4. Fill in the code below to generate a synthetic dataset with 100 observations. We will assume that the explanatory variable \(X\) is uniformly distributed from 0 to 1 and that \(\sigma^2\) = 1. The synthetic data should be a data frame with 100 rows and two columns: x and y.

# define slope and intercept parameters
intercept = 2
slope = 1

# generate x vector


# generate noise `ep` vector


# generate outcome from population model
y = intercept + x*slope + ep


# create an "observed data" dataframe with only the x and y vectors

5. Fit a simple linear regression model of the outcome y on x.

6. Use the tidy() function from the broom package to extract a data frame from the lm() output that includes the slope estimate and a 95% confidence interval for the slope estimate.

7. Check whether the true population slope is inside of the estimated 95% confidence interval for that simulated dataset. Specifically, add a variable called cover to the dataframe of estimates you created in the last question (Q6) that is 1 if the population slope is in the interval and 0 if not.

Tip

As a reminder, we set slope = 1 in the data generation (Q4) so the true population slope is \(\beta_1 = 1\).

8. Now put this all together into a function called mycifun()! The function should have three required arguments:

beta0,
beta1, and
n (the number of observations in the simulated data).**

The function should complete the steps in Q4-7 given these arguments:

generate one synthetic dataset based on the data generating model specified
fit a linear regression model to the simulated data
check that the population slope is contained in the estimated 95% confidence interval for the sample slope

The output of the function should be a data frame (or tibble) with one row and four columns:

the slope estimate,
lower bound of the CI,
upper bound of the CI, and
whether the population slope is within the CI.

9. Run the code below to test your function.

mycifun(beta0 = 1, beta1 = 2, n = 1000)

10. Now run this simulation 1,000 times using map() and the function you wrote (mycifun()).
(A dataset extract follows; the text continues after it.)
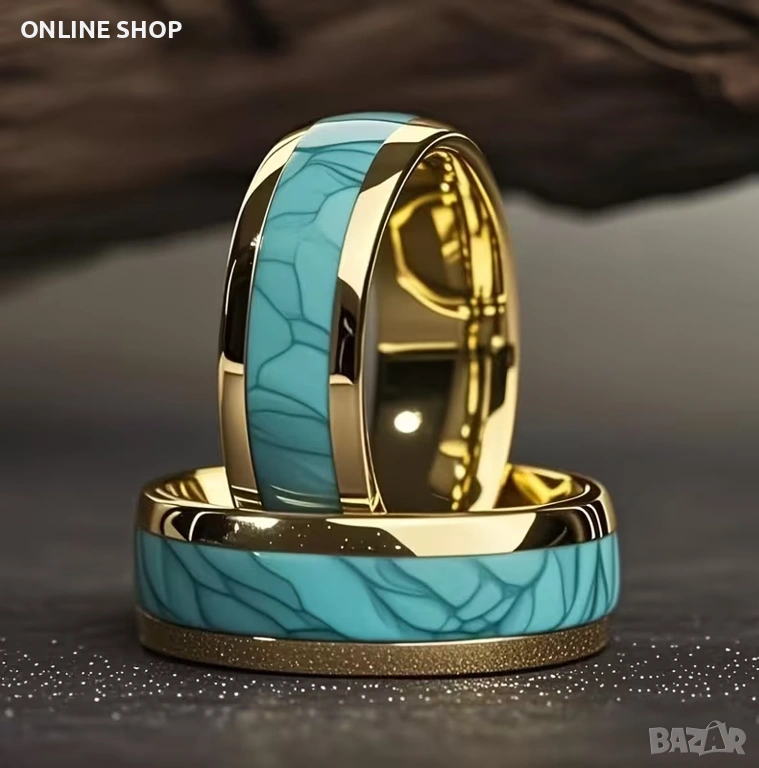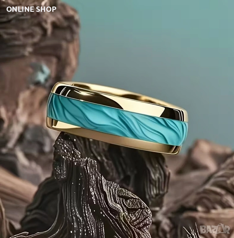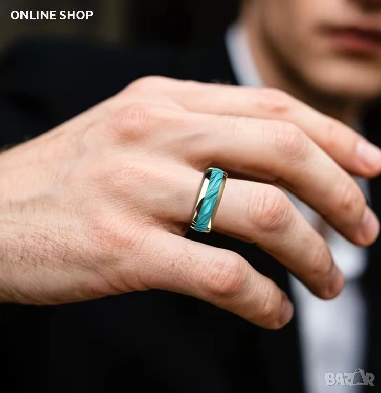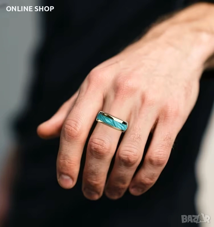 Дизайн: Мъжки моден златен пръстен с морски ивици 8 мм, елегантен бижутериен аксесоар за сватби, подходящ за ежедневно носене или специални поводи!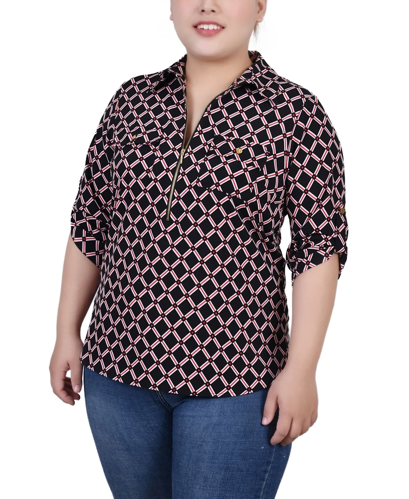 Ny Collection Plus Size Roll Tab Sleeve Zip Front TopNy Collection Plus Size Roll Tab Sleeve Zip Front TopNy Collection Plus Size Roll Tab Sleeve Zip Front Top

Generate data with \(\beta_0 = 3\), \(\beta_1 = .5\) and \(n = 100\). Make sure to add a line of code to make your simulation reproducible every time you run it.

ci_dat <- map(.x = 1:1000,
              .f = 
              )

11. Use the bind_rows() function from the dplyr package to glue each row of your simulation together. The result of this step should be a data frame (or tibble) with 1,000 rows and 4 columns.

12. What is your simulated coverage rate? In otherwords, for what proportion of the iterations was the population slope within the estimated 95% confidence interval?

13. Create a visualization to illustrate the coverage rate.

You can create any visualization that effectively illustrates the concept. I included a plot below with my idea of an effective plot to illustrate the concept of coverage. Actually, a professor showed me a plot like this in undergrad and I have always remembered it!

Tip

You do not need to exactly copy the plot, even if you choose to do something like it. A couple of hints to get you started on making a plot like this one:

Check out geom_errorbar()
Check out geom_vline() for the line indicating the true population slope
Check out the ggtext package for [including colors in a title rather than a legend](https://atheobold.github.io/groupworthy-data-science/labs/instructions/challenge-2-instructions.html#hot-embedding-the-legend-in-the-plot-title.
I took a random sample of 100 simulations to make my plot easier to look at.